Only the lines below between the one holding "Availability: In Stock" and the one holding "Двосторонній глянсово-глянцевий фотопапір", inclusive, are to be reproduced word for word; the pictures are to be left out.

→ **The input**
◇ ◇ ◇ ◇ ◇ ◇ ◇

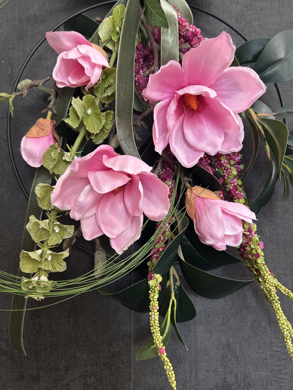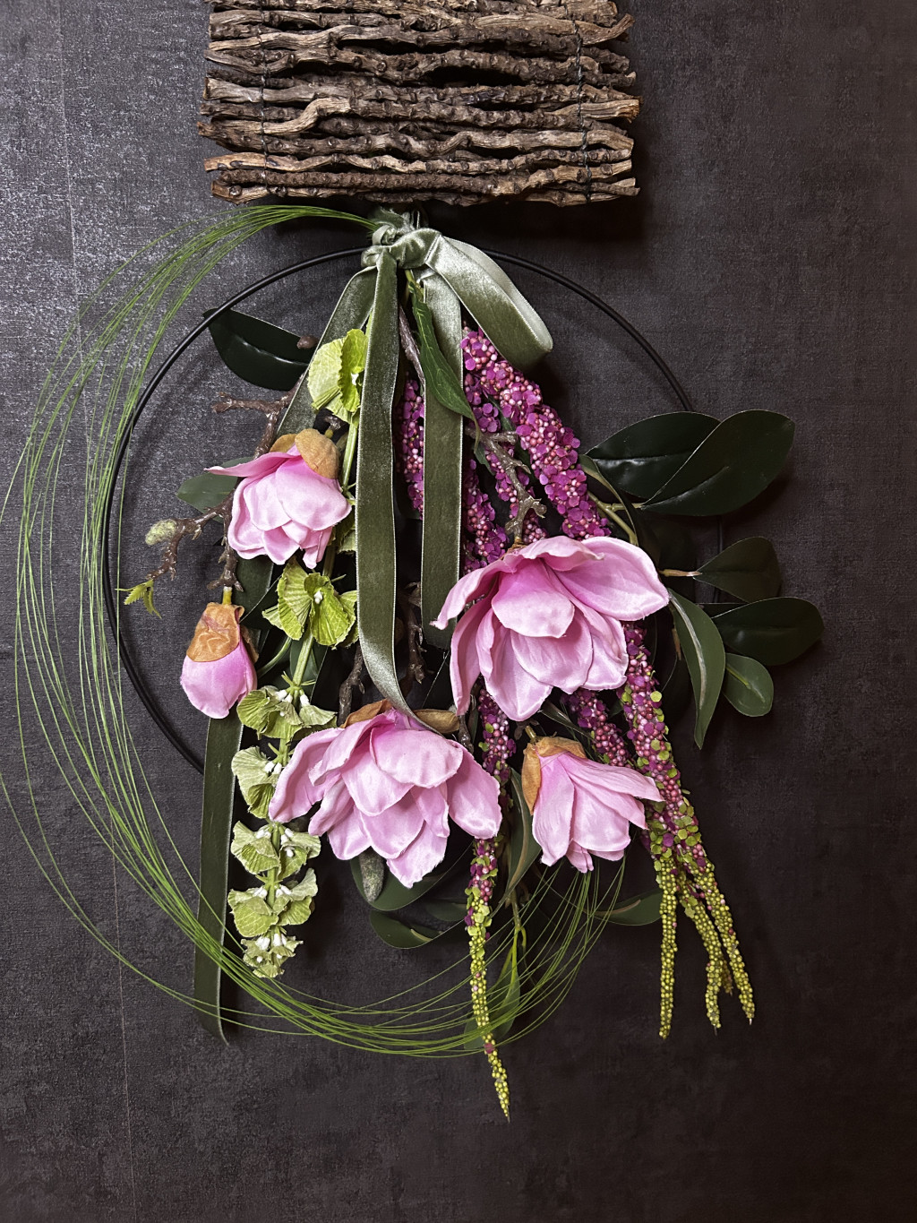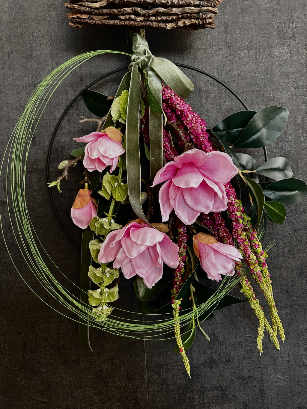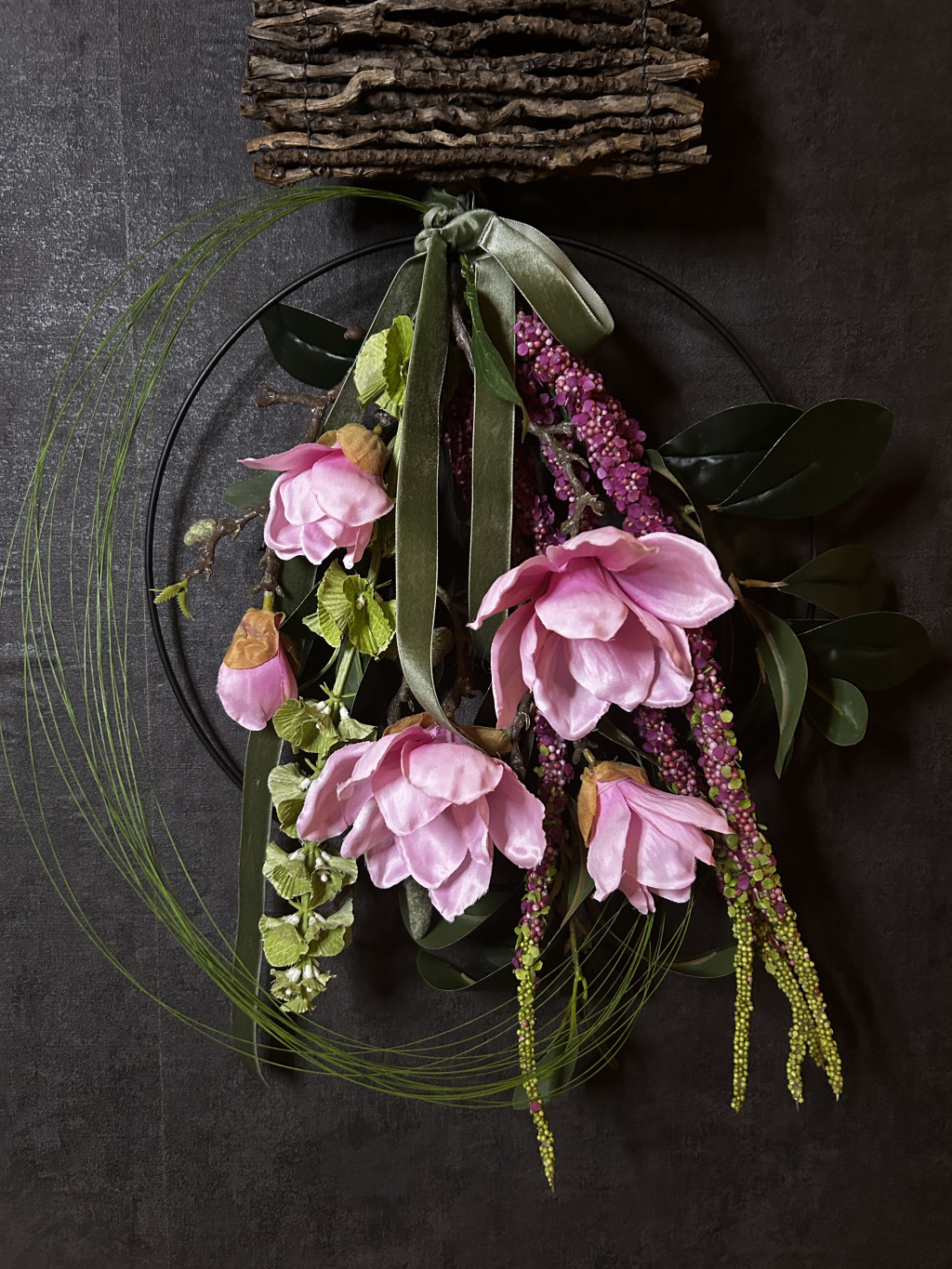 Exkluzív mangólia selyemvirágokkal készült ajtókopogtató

◇ ◇ ◇ ◇ ◇ ◇ ◇

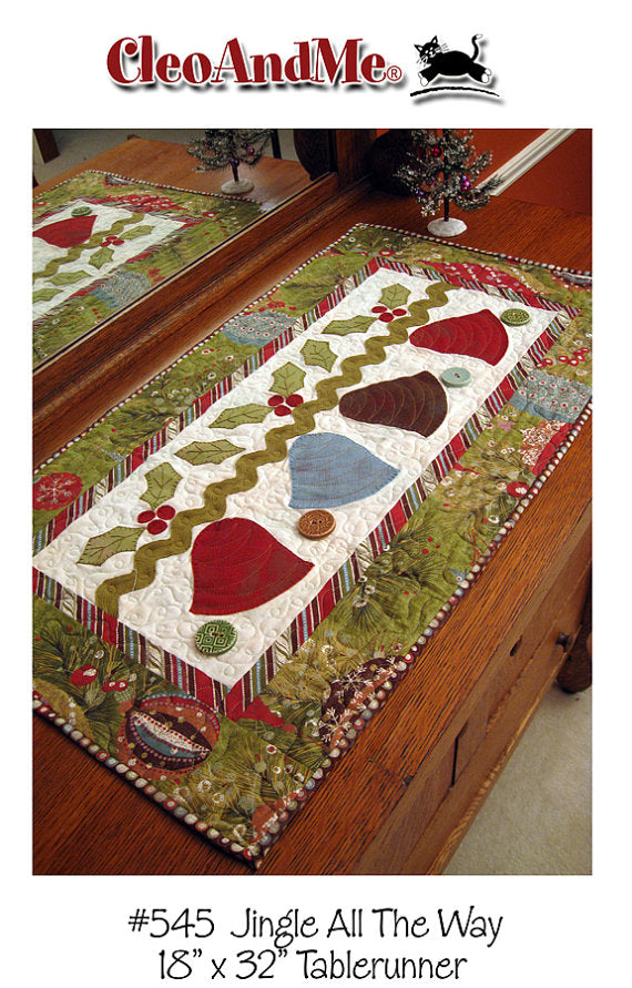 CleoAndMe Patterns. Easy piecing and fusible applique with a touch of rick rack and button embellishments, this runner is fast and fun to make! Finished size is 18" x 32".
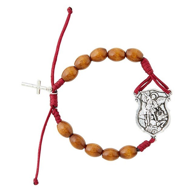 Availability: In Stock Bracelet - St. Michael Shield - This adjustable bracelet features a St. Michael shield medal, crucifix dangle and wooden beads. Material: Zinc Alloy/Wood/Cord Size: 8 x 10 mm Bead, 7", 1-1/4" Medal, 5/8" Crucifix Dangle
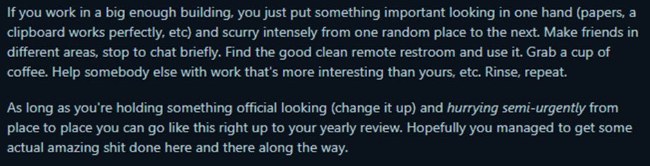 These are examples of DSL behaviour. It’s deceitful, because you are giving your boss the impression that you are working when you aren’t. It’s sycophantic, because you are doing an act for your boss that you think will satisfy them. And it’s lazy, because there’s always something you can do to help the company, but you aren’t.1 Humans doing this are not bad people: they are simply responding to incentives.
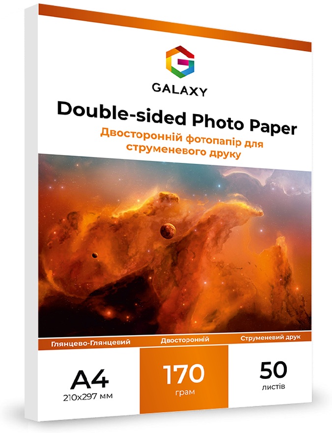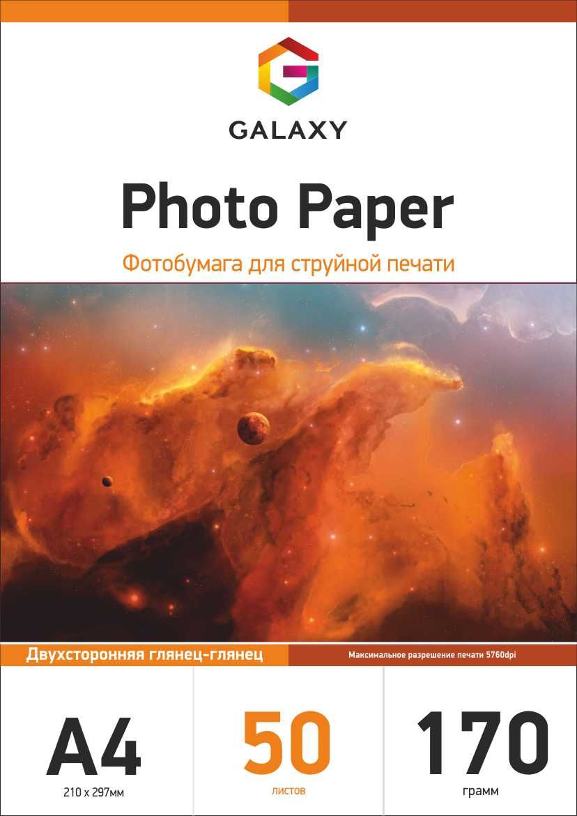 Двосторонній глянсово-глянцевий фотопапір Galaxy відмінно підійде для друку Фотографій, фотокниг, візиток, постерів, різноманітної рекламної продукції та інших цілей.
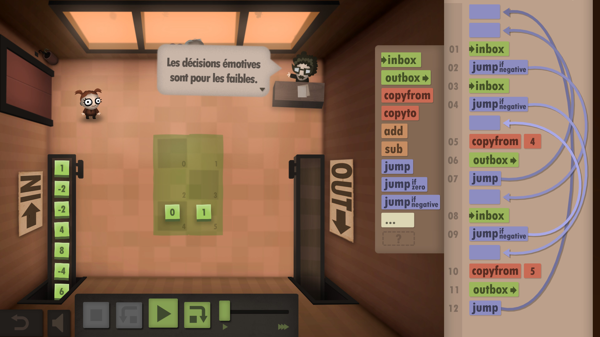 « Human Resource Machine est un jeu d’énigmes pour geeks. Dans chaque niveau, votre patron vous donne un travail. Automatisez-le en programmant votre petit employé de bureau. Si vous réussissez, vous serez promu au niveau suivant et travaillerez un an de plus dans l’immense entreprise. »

◇ ◇ ◇ ◇ ◇ ◇ ◇

→ **Output of the task**
 Availability: In Stock Bracelet - St. Michael Shield - This adjustable bracelet features a St. Michael shield medal, crucifix dangle and wooden beads. Material: Zinc Alloy/Wood/Cord Size: 8 x 10 mm Bead, 7", 1-1/4" Medal, 5/8" Crucifix Dangle
 These are examples of DSL behaviour. It’s deceitful, because you are giving your boss the impression that you are working when you aren’t. It’s sycophantic, because you are doing an act for your boss that you think will satisfy them. And it’s lazy, because there’s always something you can do to help the company, but you aren’t.1 Humans doing this are not bad people: they are simply responding to incentives.
 Двосторонній глянсово-глянцевий фотопапір Galaxy відмінно підійде для друку Фотографій, фотокниг, візиток, постерів, різноманітної рекламної продукції та інших цілей.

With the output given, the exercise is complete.